表具師・小渕博由の家系図ブログ

中裏打ち

2012年8月13日|カテゴリー:日々のこと , 表装

今日は迎え盆、ご先祖様の御霊を迎える大切な日本の行事ですね
皆様如何お過ごしでしょうか。
私は夏が少々苦手で工房に引き蘢り気味です。
今日ご紹介いたします作業は「中裏打ち」です。

仕様は和紙:本美栖紙 糊は古糊を使います。
作品は葛飾北斎の肉筆です。
中裏打ち

中裏打ち(打ち刷毛)

ところで掛軸の裏打ちって何層あると思いますか?
答えは4層です。(幅広の作品になると5層6層になります)
1層目:肌裏:薄美濃紙
2層目: 増裏:本美栖紙
3層目:中裏:本美栖紙
4層目:総裏:本宇陀紙
三種類の和紙を用います。
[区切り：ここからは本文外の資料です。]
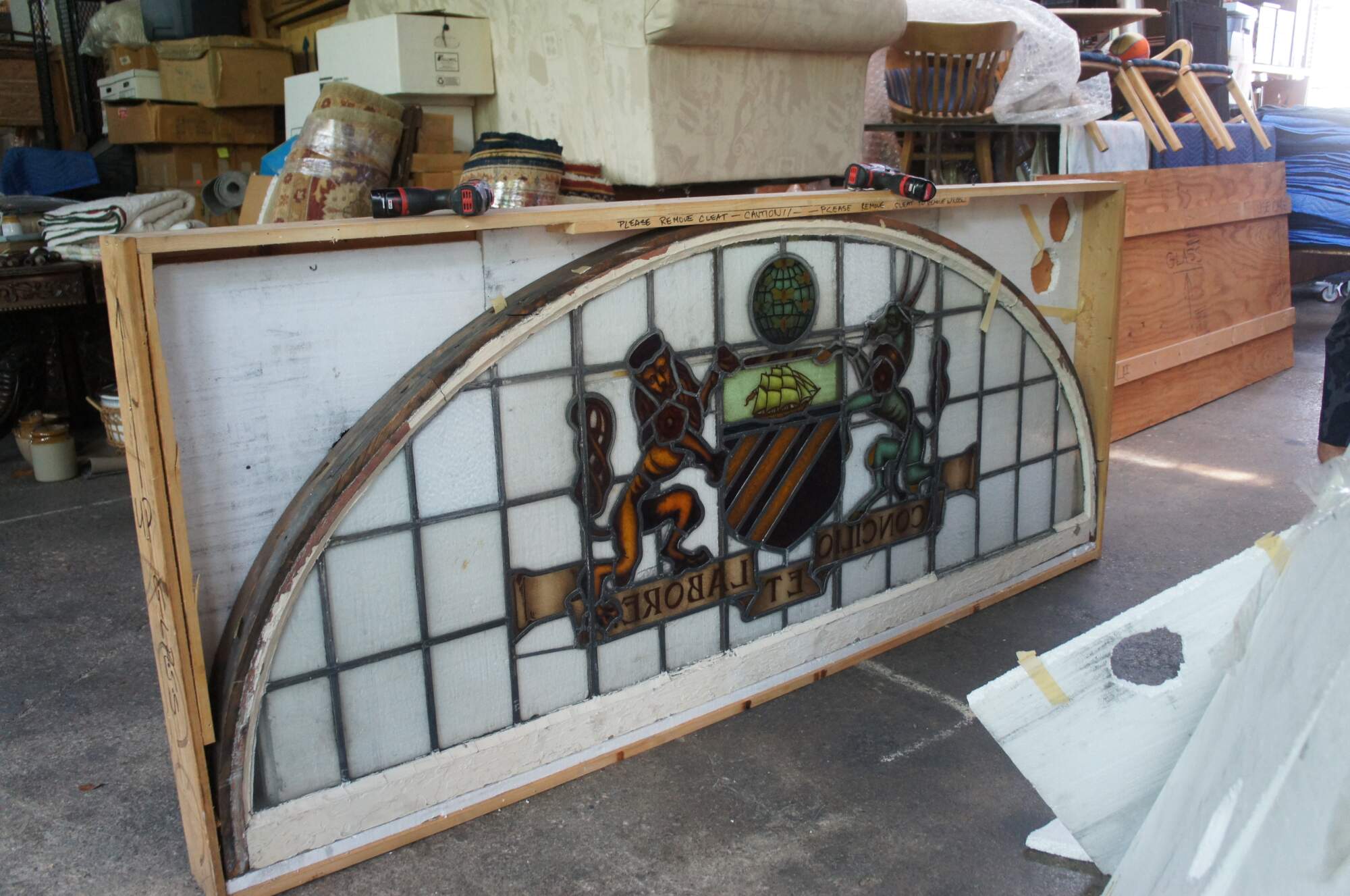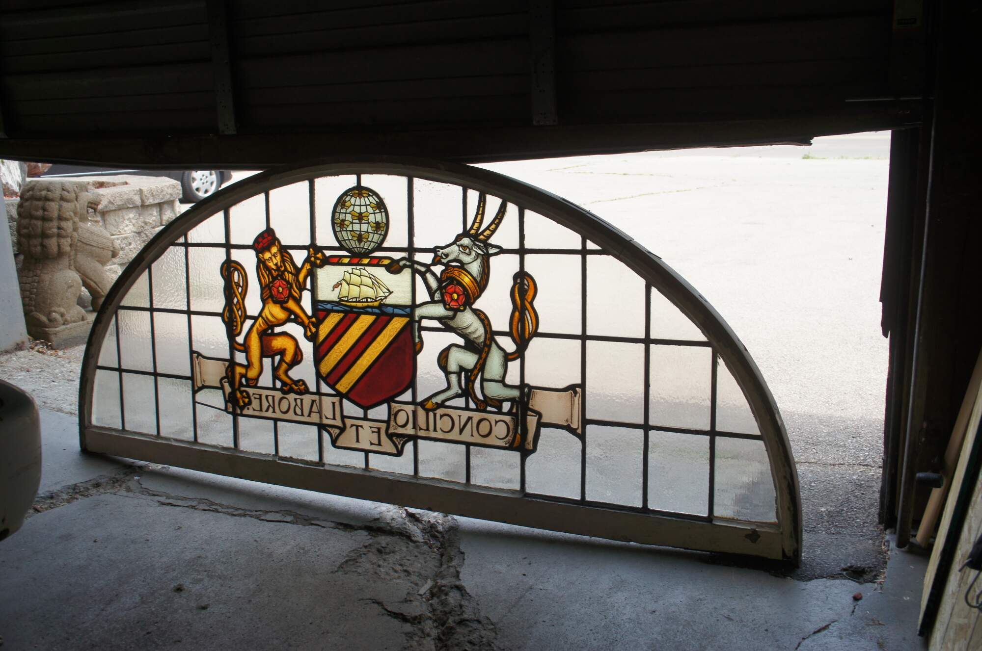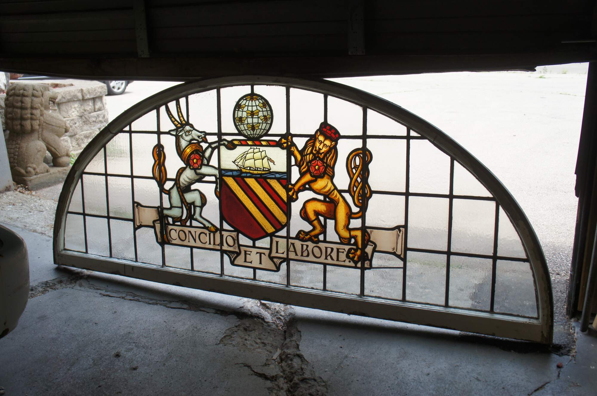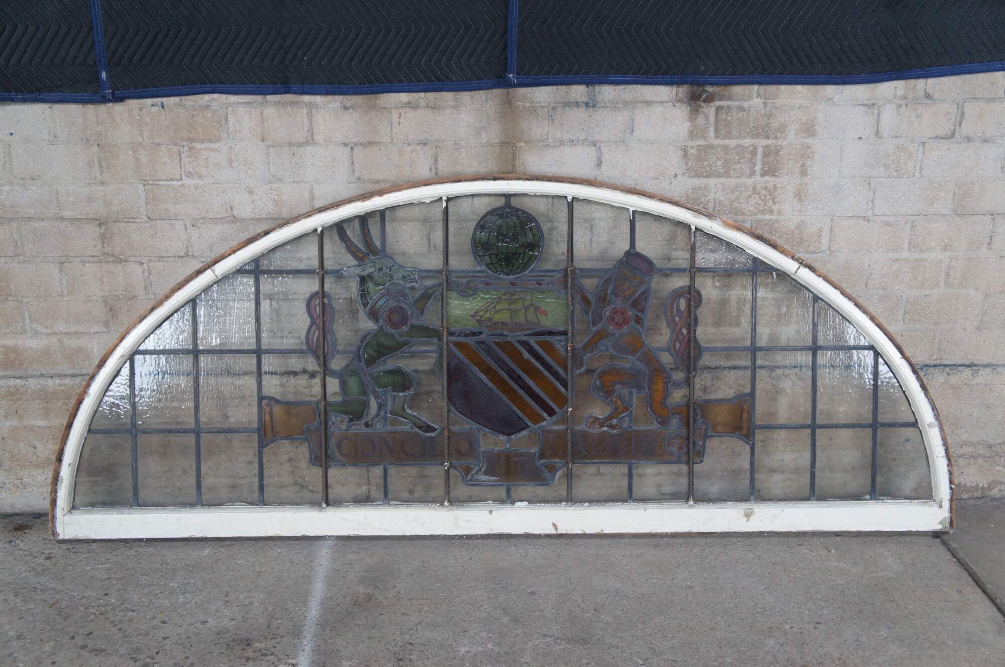 A fantastic very large pair of exceedingly rare leaded stained glass Palladian window panels, circa late 19th century. Features the Manchester England Coat of Arms, aptly titled 'Concilio et Labore' translated to 'By Counsel and Work' or 'Wisdom and Effort'. At the center is a heraldic Antelope and Lion centered around a shield beneath a ship and world globe with bees. The glass is boldly colored and impeccably designed. The coat of arms is centered over a large leaded lattice design and framed wood with an antique white finish. Removed from a prominent municipal building in England. Restored & Professionally Crated.
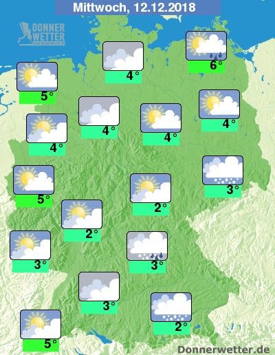 Im Stau des Erzgebirges und über Bayern sorgen kompakte Wolken noch gelegentlich für Schneefall, in tieferen Lagen auch Schneeregen. Im Ostseeumfeld können noch örtliche Schauer nieder gehen. Im übrigen Land stellen sich nach Auflösung teils zäher Nebelfelder oder tiefhängender Wolken einige Aufheiterungsabschnitte ein.
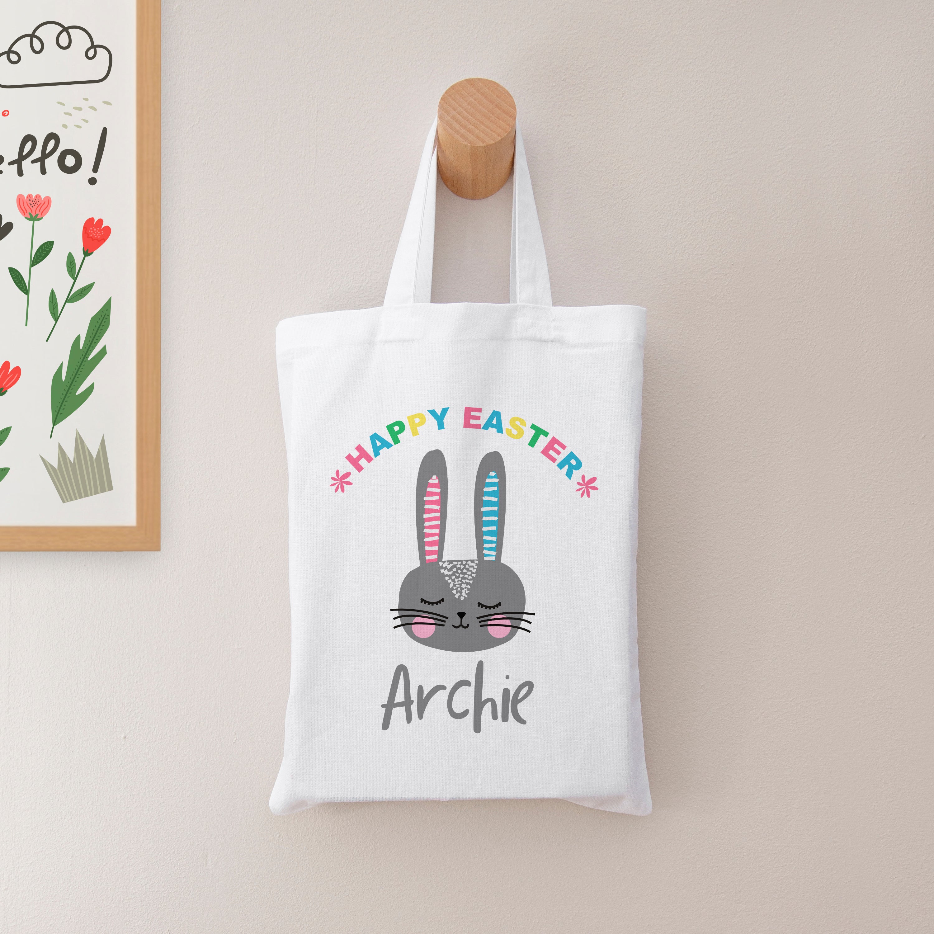 Looking for the perfect Easter gift for kids? Our spacious Personalised Rabbit Easter Egg Hunt Bag can hold a bounty of Easter eggs and treats, ensuring your little one has plenty of space to collect their goodies and treats during their Easter Egg hunt. Let your child's imagination run wild as they fill it with colourful eggs, chocolates, and surprises.
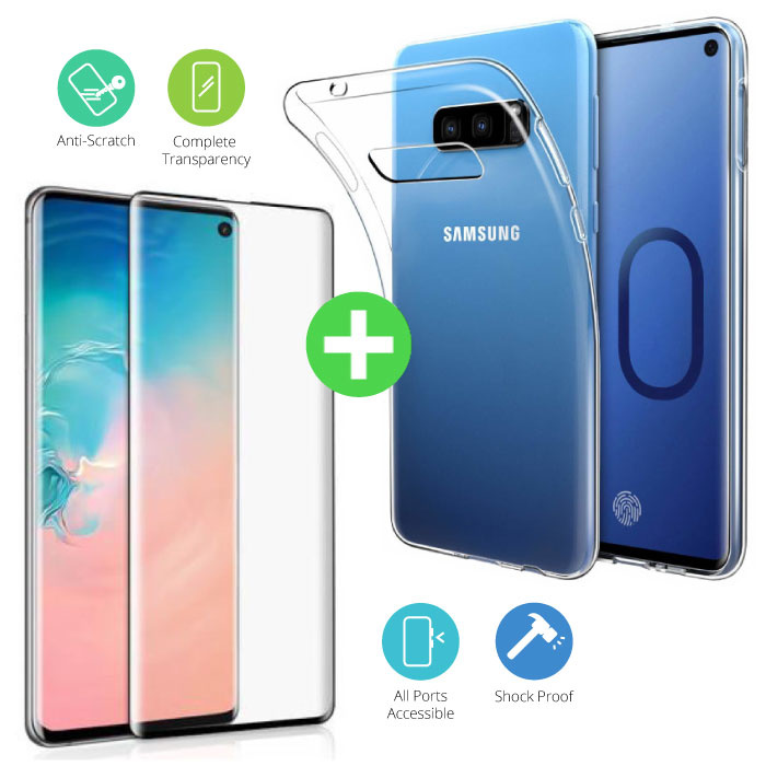 Samsung Galaxy S10e Transparentes TPU-Gehäuse + Displayschutzfolie aus gehärtetem Glas
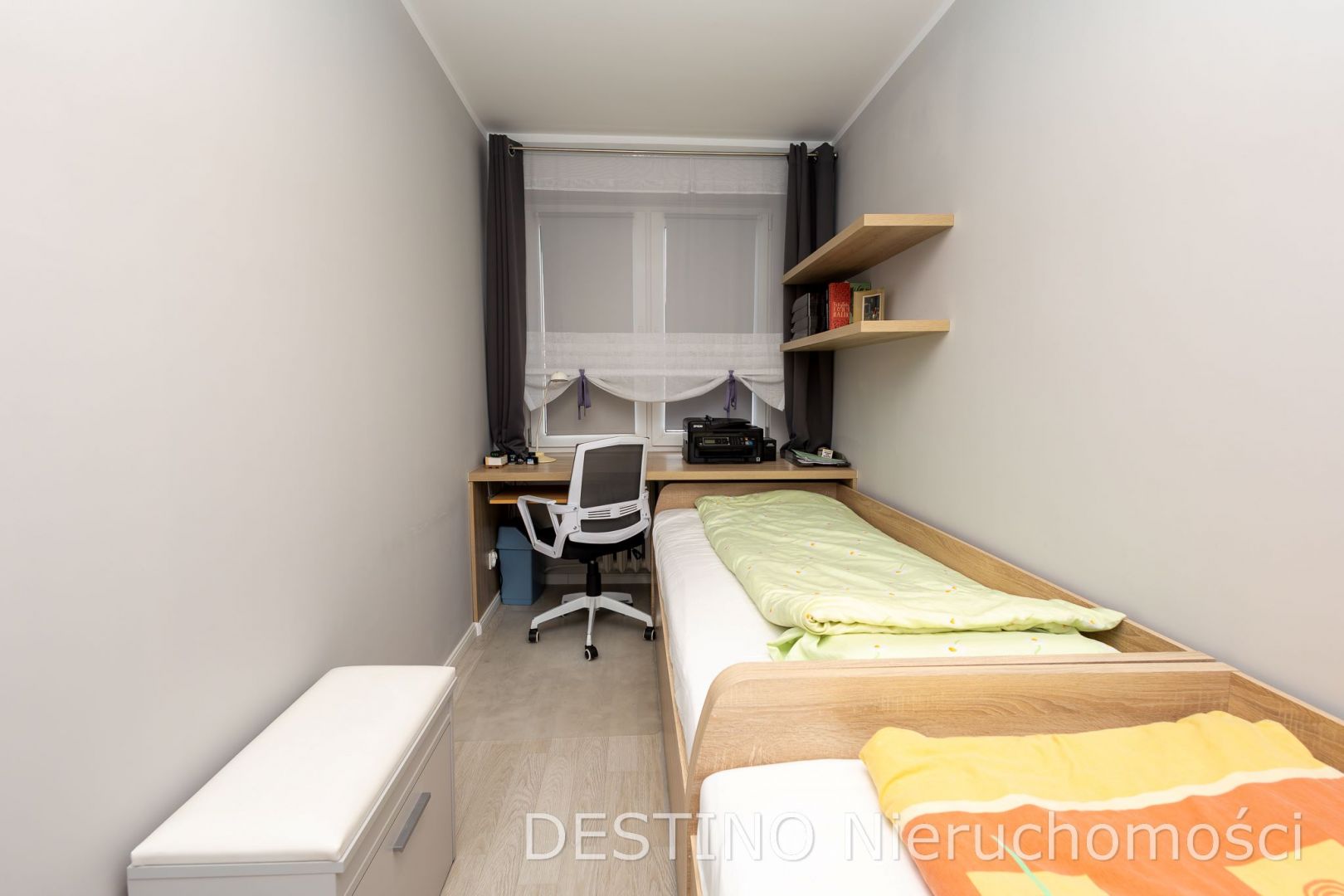 Okna PCV. Na podłogach panele i gres.

それぞれの特色を生かし掛軸を製作していきます。

中裏打ち

覆い製作

2012年8月11日|カテゴリー:表装

桐箱の覆い作りをご紹介
仕様は裂地:古代シケ 覆輪:細川紙に柿渋を塗り天日干し
裏打ち紙:1回目 美濃紙 2回目 鳥の子紙です。
糊:生麩糊
覆いは蓋に被せた際、隙間が無くピッタリ貼り付くよう
作ります。
中々コツがいる作業で数多く製作する事で上達していきます。
古代シケ
覆い1
覆い2
覆い3

覆い製作

補絹作業2

2012年8月4日|カテゴリー:表装

7月4日にご紹介しました補修作業の「補絹」(ほけん)の経過をご紹介します。

補絹
補絹補彩後
欠損した部分を絹糸の太さや織の間隔など
似ている絵絹を用い隙間が出無いようメスを用い切り 、
新しく絵絹を埋めて補彩で色合わせしています。

様々な保存環境(海外も含め)人的被害・経年劣化も含め痛み方が異なります。
決して痛んでると言って諦めないで欲しいです。

補絹作業2

今日は有楽町へ

2012年7月18日|カテゴリー:日々のこと

こんにちは今日は有楽町へ納品に行って参りました。
無事お納め下さいました。  感謝いたします。

物を作る仕事は、お声を掛けて頂いたお客様に
今まで培った様々な経験技術でお答えする事だと思います。

私は沢山のお客様からお声を掛けていただき経験を積ませてもらいました。

また、「表具」という歴史深い伝統技術ですので修復の際は、お預かりした
古い掛軸や屏風・巻子などをバラして先人は、どんな紙を使い縦紙なのか横紙
なのか探り現在の私の「表具」に反映してきました。

しかし、「本物の表具」は奥が深く自分は、まだまだだと思い知らせてくれます。
自分自身が成長することで、より良い仕事を お客様に提供できるので日々勉強です。

私は表具が大好きです苦しいときも確かにありますが経験を元に試行錯誤すると
和紙や作品が「それでいいんだよ」と教えてくれます。
その真逆で「それじゃ駄目だな」もあります。
何時か私の仕事を後世の職人さんが視て賛否を頂ければ嬉しく思います。

今日は有楽町へ

修復作業「虫食い」

2012年7月17日|カテゴリー:表装

今日ご紹介します画像は「虫食い」Before-Afterです。
作品は在原古玩(ありはらこがん 1829〜1922年)
幕末・大正時代の日本画家。

「虫食い」 被害は沢山多い事例でございます。
今回の案件のように修復は可能です。
家宝・寺宝・文化財 をお持ちでお困りでございましたら
是非ご相談頂ければお力になれるかと思います。

虫食い
虫食い修復後

修復作業「虫食い」

生きた証

2012年7月10日|カテゴリー:日々のこと

私は家系図作成に携わりお客様の声、思いを伺ってきました。
或る お客様は亡くなられたご主人が、生前ご自身のルーツを
調べ集めた資料、文献や書き綴られた文章をもとに家系図を
作り残したいと話されていたそうです。

「自分の生きた証」
私は幸運にもお客様の家系図を制作する事やまた、
文化財を修復し後世へ残す仕事をさせて頂いている事が
生きた証だと思います。

100年200年と大切に次の世代の人に託せる仕事を
していこうと今日も頑張ります。